EXERCISE AIM
Transcribe all records below exactly, without images.

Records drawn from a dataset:
──────

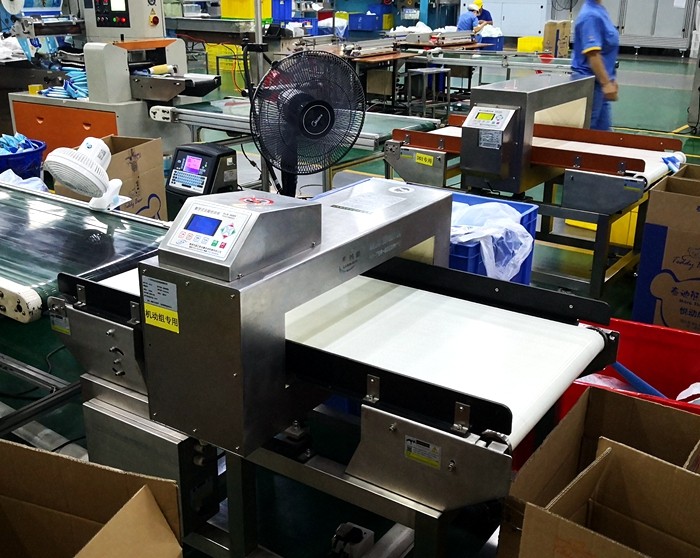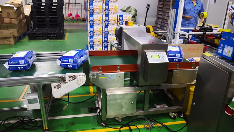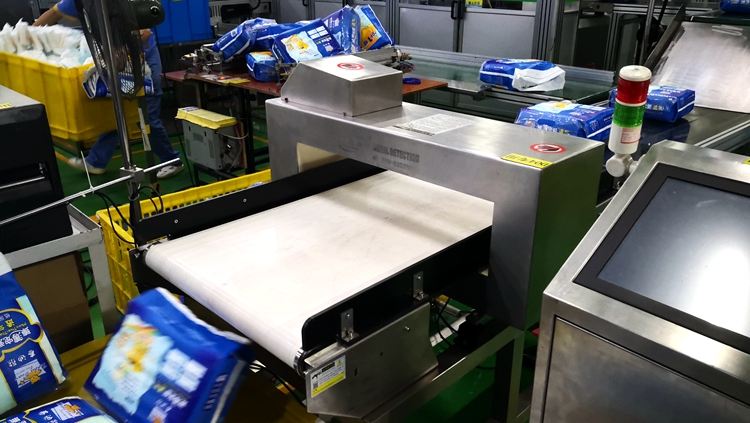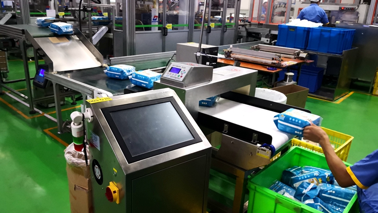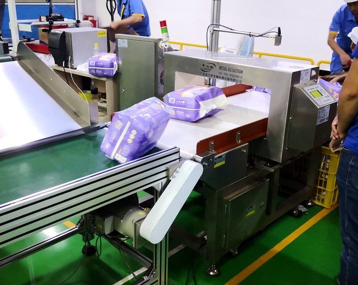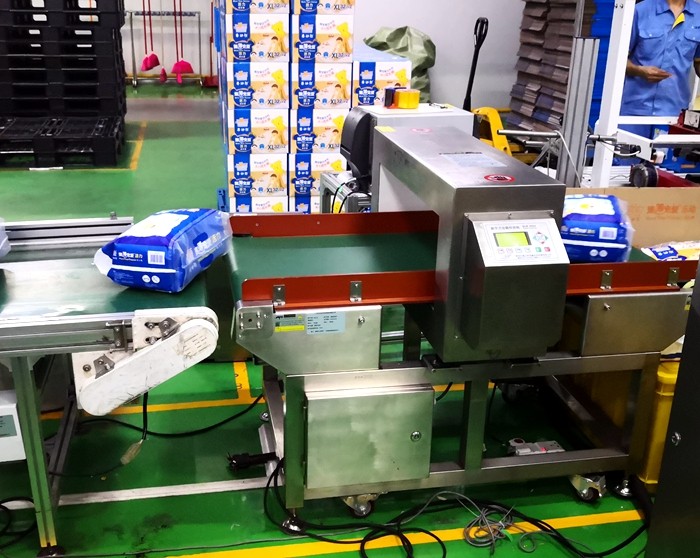 以下為漢氏衛(wèi)生用品紙尿褲生產(chǎn)線使用連之新金屬檢測機(jī)的部分現(xiàn)場:
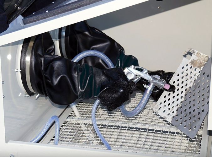 - Die Sandstrahlkabine bietet eine Tischkapazität von 20 kg und ermöglicht so die Bearbeitung einer Vielzahl kleiner und mittelgroßer Teile.
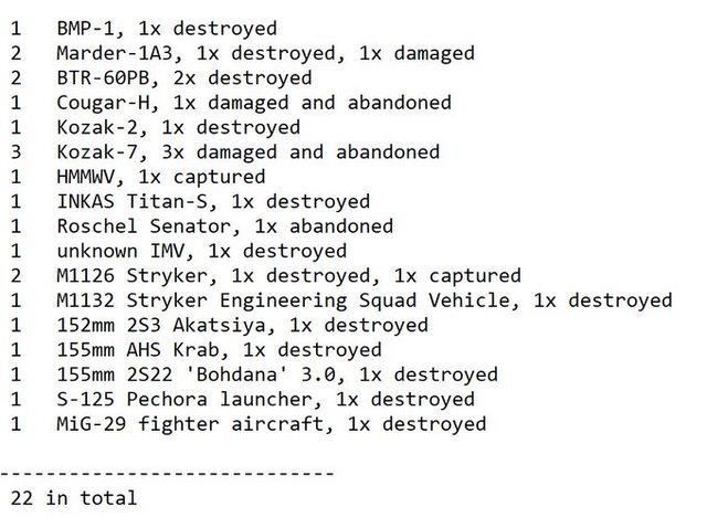 目視確認損失軍事裝備統計 2024.08.16 ~ 08.18
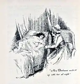 MacDonagh points out that none of the marriages in Austen's fiction of which she approved was financially imprudent.[115] For Austen, marriage and children were a girl's natural and best aspiration. She advocated sincere attachment, material prudence and circumspect delay in the choice of a marriage partner. If the appropriate conditions were met, then marriage should follow.[116] Austen realized that women without independent means felt very great pressure to marry someone who could look after them, because otherwise they would be a burden on their families.[117] The marriage market that she describes is quite detailed and well understood by all concerned. For example, as is explained in Mansfield Park, "Miss Maria Ward, 'with only seven thousand pounds', had the good luck to captivate a baronet, 'her uncle, the lawyer, allowed her to be at least three thousand pounds short of any equitable claim to it'. To indulge in a marriage less lucrative than might have been expected was regarded as 'throwing oneself away', and someone like Mary Crawford, who prided herself on her realism, could not bring herself to do it."[118]
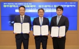강진 코리아피플뉴스2025. 09.15[코리아피플뉴스]광주광역시는 15일 시청 비즈니스룸에서 ㈜대웅제약, 광주 동구와 함께 ‘광주시 인공지능산업 생태계 조성을 위한 업무협약’을 체결했다. 이번 협약은 광주 인공지능(AI) 생태계를 기반으로 디지털 헬스케어 분야의 혁신 성장을 촉진하고 지역 창업 초기 기업(스타트업)의 성장을 지원하기 위해 마련됐다. 협약에 따라 ▲광주시는 인공지능(AI) 기반시설(인프라) 제공과 기업 간 협력 네트워크 구축을 지원하고, ▲㈜대웅제약은 헬스케어 제품·서비스 개발과 스타트업을 육성하며, ▲광주 동구는 의료·복지 기반시설을 연계해 실증 환…
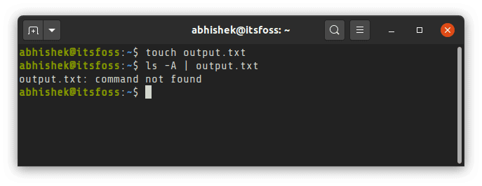 你可能对管道重定向很熟悉,可以使用它来组合 Linux 命令,但不能将输出通过管道传输到文件,它显示找不到 output.txt 命令:
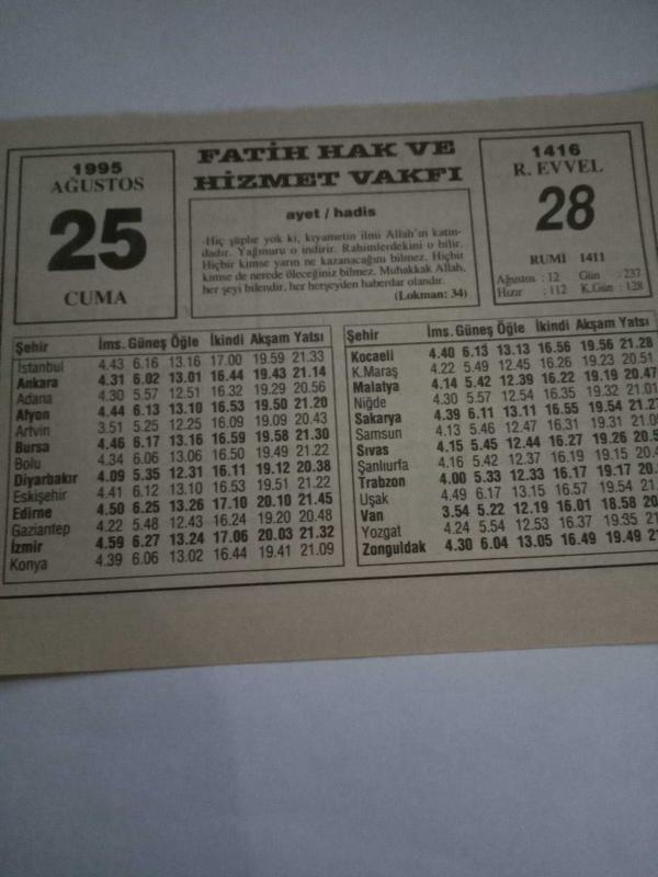 25 Ağustos 1995-Orijinal Takvim Yaprağı-Doğum Günü-Söz,Nişan,Nikâh,Düğün ve Önemli Günler Hediyesi-Fatih Hak ve Hizmet Vakfı-Ayet/Hadis(Lokman:34)-Yapay Kulak Geliştirildi-Sözün Özü-50 Yıl Önce Helikopterler, en son 4 ay önce güncellenmiştir.

──────

WRITTEN RESPONSE
 以下為漢氏衛(wèi)生用品紙尿褲生產(chǎn)線使用連之新金屬檢測機(jī)的部分現(xiàn)場:
 - Die Sandstrahlkabine bietet eine Tischkapazität von 20 kg und ermöglicht so die Bearbeitung einer Vielzahl kleiner und mittelgroßer Teile.
 目視確認損失軍事裝備統計 2024.08.16 ~ 08.18
 MacDonagh points out that none of the marriages in Austen's fiction of which she approved was financially imprudent.[115] For Austen, marriage and children were a girl's natural and best aspiration. She advocated sincere attachment, material prudence and circumspect delay in the choice of a marriage partner. If the appropriate conditions were met, then marriage should follow.[116] Austen realized that women without independent means felt very great pressure to marry someone who could look after them, because otherwise they would be a burden on their families.[117] The marriage market that she describes is quite detailed and well understood by all concerned. For example, as is explained in Mansfield Park, "Miss Maria Ward, 'with only seven thousand pounds', had the good luck to captivate a baronet, 'her uncle, the lawyer, allowed her to be at least three thousand pounds short of any equitable claim to it'. To indulge in a marriage less lucrative than might have been expected was regarded as 'throwing oneself away', and someone like Mary Crawford, who prided herself on her realism, could not bring herself to do it."[118]
강진 코리아피플뉴스2025. 09.15[코리아피플뉴스]광주광역시는 15일 시청 비즈니스룸에서 ㈜대웅제약, 광주 동구와 함께 ‘광주시 인공지능산업 생태계 조성을 위한 업무협약’을 체결했다. 이번 협약은 광주 인공지능(AI) 생태계를 기반으로 디지털 헬스케어 분야의 혁신 성장을 촉진하고 지역 창업 초기 기업(스타트업)의 성장을 지원하기 위해 마련됐다. 협약에 따라 ▲광주시는 인공지능(AI) 기반시설(인프라) 제공과 기업 간 협력 네트워크 구축을 지원하고, ▲㈜대웅제약은 헬스케어 제품·서비스 개발과 스타트업을 육성하며, ▲광주 동구는 의료·복지 기반시설을 연계해 실증 환…
 你可能对管道重定向很熟悉,可以使用它来组合 Linux 命令,但不能将输出通过管道传输到文件,它显示找不到 output.txt 命令:
 25 Ağustos 1995-Orijinal Takvim Yaprağı-Doğum Günü-Söz,Nişan,Nikâh,Düğün ve Önemli Günler Hediyesi-Fatih Hak ve Hizmet Vakfı-Ayet/Hadis(Lokman:34)-Yapay Kulak Geliştirildi-Sözün Özü-50 Yıl Önce Helikopterler, en son 4 ay önce güncellenmiştir.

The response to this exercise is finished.